ACCA leadership is always selective.

The statement from Council told members that "Accounting & Business magazine is widely praised for stimulating ideas, reflecting and representing ACCA’s values and analysing key developments in the profession. It has, deliberately, set out to be both internationally relevant and distinctive and to provide news and up-dates about individual countries and groups of members. In August 1999, one of the signatories to the resolution, William Hipperson, had a letter published in the UK trade newspaper Accountancy Age in which he commended the editor of Accounting & Business for being prepared to publish all letters, even critical ones".

  Your correspondent, ‘No longer proud to be a ‘Certified Accountant’ (Letters 21 November)
feels his resignation would go unnoticed by the ACCA establishment. He may be mistaken.
 After a protracted (and ultimately fruitless) correspondence with the ACCA, I threatened not to
renew my subscription. Their written response included the chilling  passage ‘.... you will no
longer be able to use designatory letters ..... the police generally do initiate proceedings when
they receive complaints .... ‘.
 
At one point, I reported ACCA to its own disciplinary committee for ignoring my professional
correspondence - no reply was received.

 Readers may also wonder why Certified Accountant seldom publishes the comments of
members critical of ACCA. When I raised this with the chief executive I was advised (2 August
1996) that ‘The journal is part of the Members Services operation and each issue is seen at
proof stage by my office, it is not an independent publication such as Accountancy Age’.
 The ACCA executive appears to require only two actions from its members - to pay up, and
shut up.
 
 Dr. William Hipperson, Crawley, Sussex

 “I would not like to dine at restaurant in which ACCA president Peter Langard is the chef as he grossly ‘overeggs the pudding’.

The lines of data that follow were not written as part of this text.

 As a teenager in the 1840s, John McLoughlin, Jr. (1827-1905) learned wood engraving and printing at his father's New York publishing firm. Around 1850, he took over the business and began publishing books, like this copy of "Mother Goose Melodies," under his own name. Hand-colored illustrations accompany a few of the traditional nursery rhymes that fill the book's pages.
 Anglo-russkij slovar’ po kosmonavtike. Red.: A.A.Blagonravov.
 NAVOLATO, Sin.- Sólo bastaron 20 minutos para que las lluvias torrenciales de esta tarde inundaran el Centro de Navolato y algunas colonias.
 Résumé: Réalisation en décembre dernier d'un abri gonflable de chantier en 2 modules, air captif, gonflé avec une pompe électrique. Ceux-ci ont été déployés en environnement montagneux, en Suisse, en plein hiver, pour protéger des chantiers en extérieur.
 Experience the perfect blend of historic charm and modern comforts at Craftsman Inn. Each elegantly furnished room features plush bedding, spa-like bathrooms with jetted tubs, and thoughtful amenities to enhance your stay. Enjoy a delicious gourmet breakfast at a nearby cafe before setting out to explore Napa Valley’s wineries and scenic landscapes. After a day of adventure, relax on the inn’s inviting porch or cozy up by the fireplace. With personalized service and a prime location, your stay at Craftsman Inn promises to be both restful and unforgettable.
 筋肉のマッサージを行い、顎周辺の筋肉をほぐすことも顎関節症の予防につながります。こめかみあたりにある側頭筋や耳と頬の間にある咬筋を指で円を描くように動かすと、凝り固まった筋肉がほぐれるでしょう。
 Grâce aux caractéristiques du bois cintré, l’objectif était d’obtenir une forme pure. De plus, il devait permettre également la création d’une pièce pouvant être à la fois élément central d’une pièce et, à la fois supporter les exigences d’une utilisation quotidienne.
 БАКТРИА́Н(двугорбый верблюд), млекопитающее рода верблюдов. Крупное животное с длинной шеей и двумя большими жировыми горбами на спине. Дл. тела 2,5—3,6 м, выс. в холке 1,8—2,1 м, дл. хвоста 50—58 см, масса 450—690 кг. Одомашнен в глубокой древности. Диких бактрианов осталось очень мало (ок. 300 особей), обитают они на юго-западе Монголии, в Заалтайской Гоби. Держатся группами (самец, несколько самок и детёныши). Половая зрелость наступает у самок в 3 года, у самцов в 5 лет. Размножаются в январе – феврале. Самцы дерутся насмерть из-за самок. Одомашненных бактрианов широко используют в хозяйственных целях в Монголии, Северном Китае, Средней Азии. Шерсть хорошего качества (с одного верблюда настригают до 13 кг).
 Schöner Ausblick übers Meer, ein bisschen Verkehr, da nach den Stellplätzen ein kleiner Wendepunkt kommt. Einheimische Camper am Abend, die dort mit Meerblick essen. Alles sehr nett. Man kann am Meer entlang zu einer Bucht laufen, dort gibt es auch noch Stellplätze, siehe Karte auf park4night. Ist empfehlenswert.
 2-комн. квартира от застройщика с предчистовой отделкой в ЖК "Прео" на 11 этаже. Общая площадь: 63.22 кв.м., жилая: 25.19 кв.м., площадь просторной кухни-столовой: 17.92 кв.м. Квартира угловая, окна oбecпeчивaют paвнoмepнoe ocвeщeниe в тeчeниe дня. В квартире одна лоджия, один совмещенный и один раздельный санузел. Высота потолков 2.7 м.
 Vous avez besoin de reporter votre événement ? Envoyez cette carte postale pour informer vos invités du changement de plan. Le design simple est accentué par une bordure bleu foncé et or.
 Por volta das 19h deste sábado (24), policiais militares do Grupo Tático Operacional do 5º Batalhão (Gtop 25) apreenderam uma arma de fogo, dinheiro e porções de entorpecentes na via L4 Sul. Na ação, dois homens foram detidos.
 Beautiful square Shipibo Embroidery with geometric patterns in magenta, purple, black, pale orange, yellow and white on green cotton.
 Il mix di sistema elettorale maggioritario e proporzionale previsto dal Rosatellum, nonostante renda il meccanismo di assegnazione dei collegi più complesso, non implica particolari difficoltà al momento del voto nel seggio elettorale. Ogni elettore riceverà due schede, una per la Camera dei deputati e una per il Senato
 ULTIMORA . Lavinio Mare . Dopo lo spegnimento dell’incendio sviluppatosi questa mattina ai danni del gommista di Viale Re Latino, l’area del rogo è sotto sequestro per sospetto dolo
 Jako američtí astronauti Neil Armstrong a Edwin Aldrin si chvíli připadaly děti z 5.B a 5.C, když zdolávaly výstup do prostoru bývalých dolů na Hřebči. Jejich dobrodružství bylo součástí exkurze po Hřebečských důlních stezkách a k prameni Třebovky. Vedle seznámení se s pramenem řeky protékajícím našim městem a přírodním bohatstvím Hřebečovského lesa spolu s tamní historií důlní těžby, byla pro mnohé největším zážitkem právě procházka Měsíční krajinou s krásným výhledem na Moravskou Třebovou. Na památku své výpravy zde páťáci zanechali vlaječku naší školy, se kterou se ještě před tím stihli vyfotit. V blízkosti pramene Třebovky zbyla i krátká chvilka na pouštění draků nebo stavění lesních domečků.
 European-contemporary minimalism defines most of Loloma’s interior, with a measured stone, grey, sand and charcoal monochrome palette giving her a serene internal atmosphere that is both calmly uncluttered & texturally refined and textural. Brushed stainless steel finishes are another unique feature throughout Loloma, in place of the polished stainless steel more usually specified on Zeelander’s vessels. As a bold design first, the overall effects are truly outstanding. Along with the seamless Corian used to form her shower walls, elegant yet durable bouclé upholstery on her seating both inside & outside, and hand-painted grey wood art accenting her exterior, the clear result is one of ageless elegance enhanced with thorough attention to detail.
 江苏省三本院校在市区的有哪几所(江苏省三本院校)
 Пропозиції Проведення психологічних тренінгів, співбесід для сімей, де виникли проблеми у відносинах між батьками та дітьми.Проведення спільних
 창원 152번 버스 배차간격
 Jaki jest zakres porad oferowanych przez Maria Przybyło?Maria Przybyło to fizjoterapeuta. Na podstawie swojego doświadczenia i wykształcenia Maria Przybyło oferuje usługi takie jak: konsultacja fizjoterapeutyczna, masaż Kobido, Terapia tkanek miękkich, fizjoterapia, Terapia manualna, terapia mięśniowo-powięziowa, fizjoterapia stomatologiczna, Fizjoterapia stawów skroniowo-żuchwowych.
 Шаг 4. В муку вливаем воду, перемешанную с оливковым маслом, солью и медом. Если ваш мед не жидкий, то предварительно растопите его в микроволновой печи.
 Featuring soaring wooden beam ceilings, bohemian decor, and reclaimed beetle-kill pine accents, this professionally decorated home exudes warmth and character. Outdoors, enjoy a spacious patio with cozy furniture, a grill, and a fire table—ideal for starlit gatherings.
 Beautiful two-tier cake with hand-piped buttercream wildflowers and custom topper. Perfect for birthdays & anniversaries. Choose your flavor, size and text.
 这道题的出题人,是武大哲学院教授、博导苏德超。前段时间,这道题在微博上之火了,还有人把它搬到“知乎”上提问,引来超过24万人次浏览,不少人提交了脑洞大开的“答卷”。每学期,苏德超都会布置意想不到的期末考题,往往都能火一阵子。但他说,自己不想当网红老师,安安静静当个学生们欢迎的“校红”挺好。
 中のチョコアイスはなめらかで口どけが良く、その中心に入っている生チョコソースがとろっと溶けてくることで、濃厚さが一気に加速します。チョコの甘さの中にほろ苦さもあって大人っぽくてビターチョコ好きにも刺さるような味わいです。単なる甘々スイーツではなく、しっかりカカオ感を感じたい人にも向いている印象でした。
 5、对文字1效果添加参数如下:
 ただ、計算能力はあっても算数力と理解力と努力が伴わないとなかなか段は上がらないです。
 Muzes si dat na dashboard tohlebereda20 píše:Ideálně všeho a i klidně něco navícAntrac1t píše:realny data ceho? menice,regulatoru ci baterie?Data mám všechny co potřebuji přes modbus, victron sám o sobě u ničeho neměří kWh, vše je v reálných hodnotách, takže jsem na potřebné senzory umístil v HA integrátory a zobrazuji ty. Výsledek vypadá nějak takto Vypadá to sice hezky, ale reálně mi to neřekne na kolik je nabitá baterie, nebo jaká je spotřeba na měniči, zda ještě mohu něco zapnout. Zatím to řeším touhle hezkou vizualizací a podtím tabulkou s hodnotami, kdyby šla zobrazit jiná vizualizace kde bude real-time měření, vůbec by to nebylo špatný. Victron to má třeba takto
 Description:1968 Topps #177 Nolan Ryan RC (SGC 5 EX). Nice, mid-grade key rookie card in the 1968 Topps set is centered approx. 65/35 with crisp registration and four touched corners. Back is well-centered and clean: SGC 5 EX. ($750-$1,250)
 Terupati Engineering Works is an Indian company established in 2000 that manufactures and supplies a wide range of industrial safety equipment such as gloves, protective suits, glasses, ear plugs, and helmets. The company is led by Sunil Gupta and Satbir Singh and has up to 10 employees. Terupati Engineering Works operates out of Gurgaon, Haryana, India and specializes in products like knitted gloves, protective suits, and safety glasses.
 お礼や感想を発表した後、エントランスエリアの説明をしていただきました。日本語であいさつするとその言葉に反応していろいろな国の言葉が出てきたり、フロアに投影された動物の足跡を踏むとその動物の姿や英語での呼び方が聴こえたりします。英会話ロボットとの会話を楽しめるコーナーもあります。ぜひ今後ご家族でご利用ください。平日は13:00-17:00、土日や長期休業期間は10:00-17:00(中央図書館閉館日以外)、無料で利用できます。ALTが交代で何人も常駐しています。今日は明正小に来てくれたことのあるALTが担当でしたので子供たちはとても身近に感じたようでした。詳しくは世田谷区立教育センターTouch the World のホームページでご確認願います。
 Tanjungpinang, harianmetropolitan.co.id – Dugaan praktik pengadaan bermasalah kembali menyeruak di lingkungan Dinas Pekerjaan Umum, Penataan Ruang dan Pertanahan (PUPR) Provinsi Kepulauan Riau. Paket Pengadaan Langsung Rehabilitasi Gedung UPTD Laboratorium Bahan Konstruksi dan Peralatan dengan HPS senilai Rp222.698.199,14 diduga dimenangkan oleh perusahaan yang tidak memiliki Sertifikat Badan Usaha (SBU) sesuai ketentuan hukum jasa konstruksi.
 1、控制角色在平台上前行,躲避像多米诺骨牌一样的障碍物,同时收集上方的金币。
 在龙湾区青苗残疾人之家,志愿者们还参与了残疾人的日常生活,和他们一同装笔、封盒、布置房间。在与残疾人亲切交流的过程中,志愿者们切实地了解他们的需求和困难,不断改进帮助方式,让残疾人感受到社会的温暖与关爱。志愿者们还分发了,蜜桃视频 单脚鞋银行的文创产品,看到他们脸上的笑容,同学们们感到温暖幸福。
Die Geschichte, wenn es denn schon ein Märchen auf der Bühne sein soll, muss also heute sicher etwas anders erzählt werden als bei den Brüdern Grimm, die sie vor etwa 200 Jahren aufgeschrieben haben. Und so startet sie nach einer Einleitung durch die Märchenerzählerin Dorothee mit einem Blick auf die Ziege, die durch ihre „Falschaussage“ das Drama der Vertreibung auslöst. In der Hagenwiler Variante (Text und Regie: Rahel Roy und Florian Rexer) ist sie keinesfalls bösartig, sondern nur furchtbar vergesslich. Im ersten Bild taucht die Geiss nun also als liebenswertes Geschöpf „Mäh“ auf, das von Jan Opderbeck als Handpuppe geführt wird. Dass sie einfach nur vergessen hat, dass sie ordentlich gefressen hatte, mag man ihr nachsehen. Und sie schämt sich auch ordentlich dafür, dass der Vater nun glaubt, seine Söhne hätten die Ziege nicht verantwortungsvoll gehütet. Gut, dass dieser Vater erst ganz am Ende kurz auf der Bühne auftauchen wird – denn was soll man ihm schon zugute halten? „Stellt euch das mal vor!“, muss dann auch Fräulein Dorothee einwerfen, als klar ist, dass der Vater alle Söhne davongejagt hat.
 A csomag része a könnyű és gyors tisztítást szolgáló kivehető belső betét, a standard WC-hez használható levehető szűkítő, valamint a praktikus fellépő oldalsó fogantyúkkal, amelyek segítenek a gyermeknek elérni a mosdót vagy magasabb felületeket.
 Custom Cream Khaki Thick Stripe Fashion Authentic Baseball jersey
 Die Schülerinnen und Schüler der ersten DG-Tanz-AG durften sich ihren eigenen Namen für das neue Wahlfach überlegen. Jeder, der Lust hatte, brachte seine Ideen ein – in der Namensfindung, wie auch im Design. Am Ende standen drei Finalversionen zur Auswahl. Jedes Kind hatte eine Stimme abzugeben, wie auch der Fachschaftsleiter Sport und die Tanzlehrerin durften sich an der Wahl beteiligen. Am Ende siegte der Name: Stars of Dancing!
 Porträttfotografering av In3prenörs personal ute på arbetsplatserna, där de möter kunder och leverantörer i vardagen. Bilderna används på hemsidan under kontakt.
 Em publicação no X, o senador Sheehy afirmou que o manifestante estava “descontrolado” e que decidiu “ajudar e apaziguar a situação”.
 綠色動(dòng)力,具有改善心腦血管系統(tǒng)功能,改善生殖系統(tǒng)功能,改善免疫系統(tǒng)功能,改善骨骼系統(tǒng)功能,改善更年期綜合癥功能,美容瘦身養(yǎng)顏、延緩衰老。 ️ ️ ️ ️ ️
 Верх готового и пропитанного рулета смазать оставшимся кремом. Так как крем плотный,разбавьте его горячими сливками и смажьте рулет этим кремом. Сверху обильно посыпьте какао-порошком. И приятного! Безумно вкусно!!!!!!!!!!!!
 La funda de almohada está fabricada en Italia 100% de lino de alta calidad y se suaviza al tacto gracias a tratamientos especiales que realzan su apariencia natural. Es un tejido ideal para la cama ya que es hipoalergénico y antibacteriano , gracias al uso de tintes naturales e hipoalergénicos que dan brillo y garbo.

He crows that those opposing the ACCA leadership received less than 3% of the votes of the total membership. On this most interesting accounting presentation, the present government was elected by less than 25% of the total electorate, and the present leadership of the ACCA was endorsed by only 10% of the total membership (even including proxy voting).

I refer Mr. Langard to page 11 of the December edition of his own in-house journal,  Certified Accountant. The actual result of the egm was that seven out of ten resolutions received between  20% and 33% of the dissident vote. Unlike Mr. Langard, I read this to mean that up to one-third of the voting members are, in a majority of the resolutions, opposed to the leadership line.

The president's action in publishing his views on one candidate in the imminent ACCA council election is also surprising. To redress the balance, will he also be giving his views on the other candidates? I have formally requested the ACCA legal department to investigate this aspect of his letter.

I understand that Mr. Langard is president of the whole of ACCA. As such, may I suggest that he should seek ti understand the cause cause of the discontent and attempt to reconcile the factions within our organisation. The stature of his high office is not increased by his belittling the degree of opposition to the current ACCA regime”.